TASK DIRECTIONS: Print exactly the lines below between the line containing "(1) esc key" and the line containing "かわいいイルカのスタンプを日", counting both of those lines. Leave pictures out.

DATA EXTRACTS:
= = = =

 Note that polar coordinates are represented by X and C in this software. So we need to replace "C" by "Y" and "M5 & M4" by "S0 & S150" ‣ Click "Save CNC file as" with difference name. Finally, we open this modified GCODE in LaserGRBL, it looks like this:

= = = =

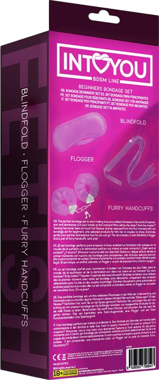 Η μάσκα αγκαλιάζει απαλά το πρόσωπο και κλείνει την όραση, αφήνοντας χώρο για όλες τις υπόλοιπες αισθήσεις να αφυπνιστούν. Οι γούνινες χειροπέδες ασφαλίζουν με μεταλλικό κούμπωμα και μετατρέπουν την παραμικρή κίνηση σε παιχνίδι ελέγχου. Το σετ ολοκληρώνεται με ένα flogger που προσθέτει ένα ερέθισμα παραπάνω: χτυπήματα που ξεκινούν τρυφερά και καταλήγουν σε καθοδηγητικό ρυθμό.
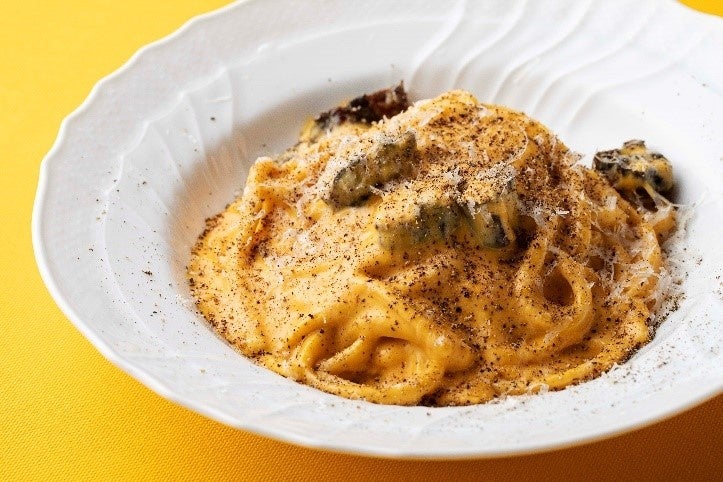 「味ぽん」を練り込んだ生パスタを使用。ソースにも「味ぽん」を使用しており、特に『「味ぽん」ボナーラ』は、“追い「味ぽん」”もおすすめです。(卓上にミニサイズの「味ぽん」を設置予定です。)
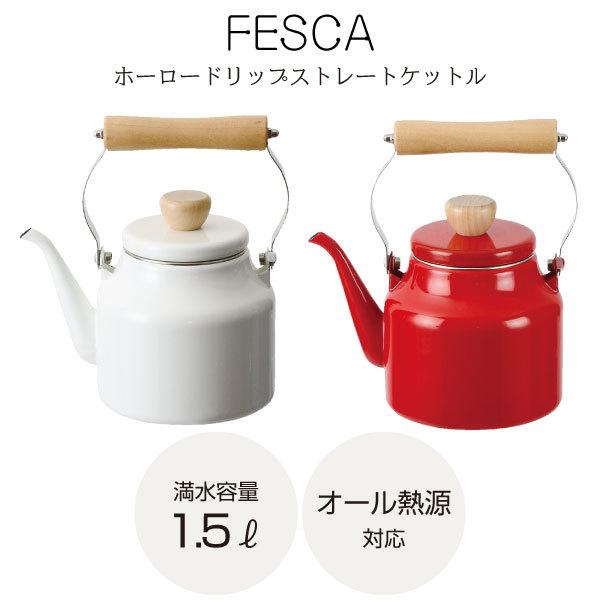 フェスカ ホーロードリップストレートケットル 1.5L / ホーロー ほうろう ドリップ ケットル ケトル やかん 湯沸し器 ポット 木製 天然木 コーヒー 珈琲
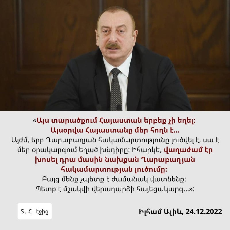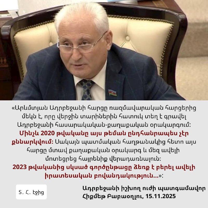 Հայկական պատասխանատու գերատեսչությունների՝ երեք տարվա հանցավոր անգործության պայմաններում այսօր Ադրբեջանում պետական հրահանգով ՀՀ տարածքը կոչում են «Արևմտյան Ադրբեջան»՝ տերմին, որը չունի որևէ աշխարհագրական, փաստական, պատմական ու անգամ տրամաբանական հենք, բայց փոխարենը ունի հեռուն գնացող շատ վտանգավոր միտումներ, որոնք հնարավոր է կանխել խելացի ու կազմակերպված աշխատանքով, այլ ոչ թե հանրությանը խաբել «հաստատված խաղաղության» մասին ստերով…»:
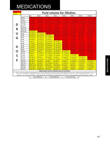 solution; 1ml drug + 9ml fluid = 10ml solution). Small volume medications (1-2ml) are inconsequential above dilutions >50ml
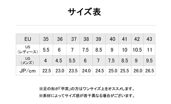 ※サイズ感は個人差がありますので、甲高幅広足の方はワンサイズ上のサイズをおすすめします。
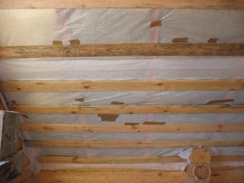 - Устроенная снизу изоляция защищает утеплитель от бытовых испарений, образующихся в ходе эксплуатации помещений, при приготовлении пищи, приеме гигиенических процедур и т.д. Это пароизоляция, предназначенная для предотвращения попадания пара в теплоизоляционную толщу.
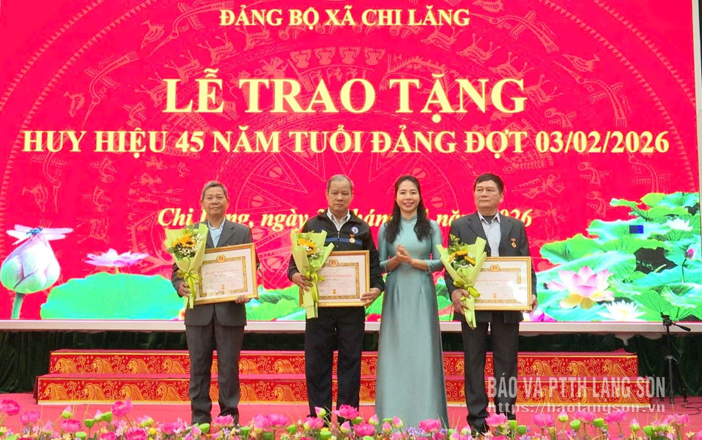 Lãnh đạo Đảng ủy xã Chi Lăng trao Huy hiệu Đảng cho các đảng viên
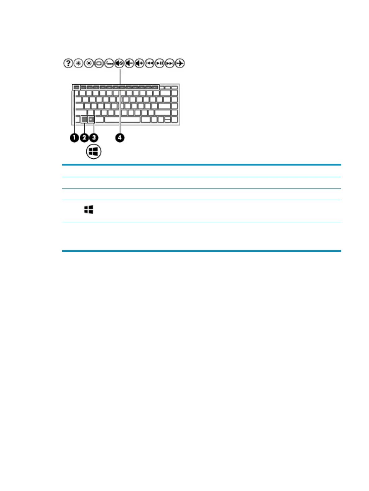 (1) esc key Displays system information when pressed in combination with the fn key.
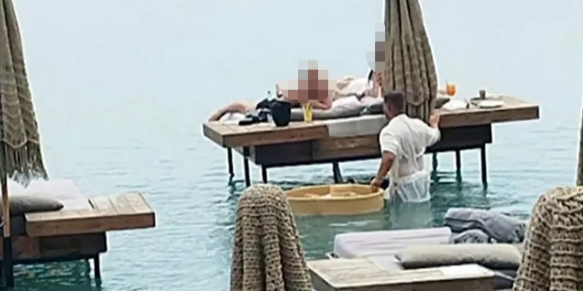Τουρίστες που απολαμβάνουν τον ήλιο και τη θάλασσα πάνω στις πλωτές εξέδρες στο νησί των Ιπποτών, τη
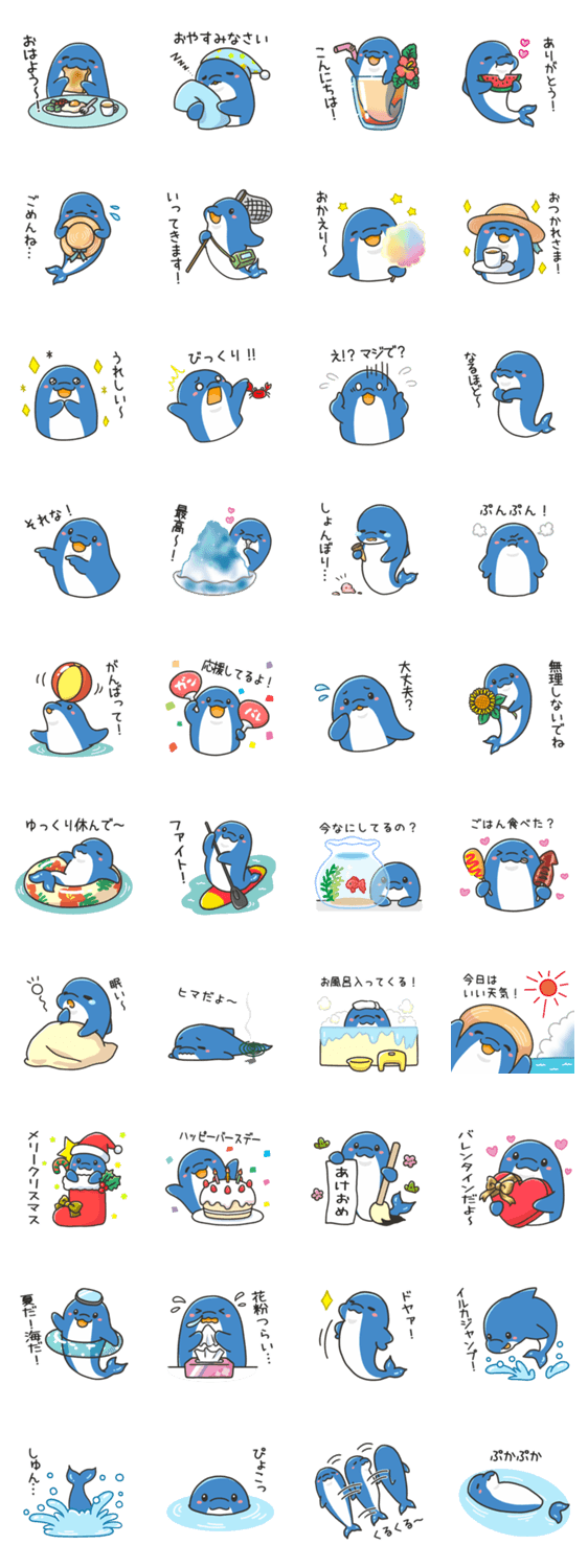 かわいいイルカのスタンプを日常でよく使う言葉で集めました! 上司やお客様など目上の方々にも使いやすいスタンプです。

= = = =

RESULT OF THE EXERCISE:
 (1) esc key Displays system information when pressed in combination with the fn key.
Τουρίστες που απολαμβάνουν τον ήλιο και τη θάλασσα πάνω στις πλωτές εξέδρες στο νησί των Ιπποτών, τη
 かわいいイルカのスタンプを日常でよく使う言葉で集めました! 上司やお客様など目上の方々にも使いやすいスタンプです。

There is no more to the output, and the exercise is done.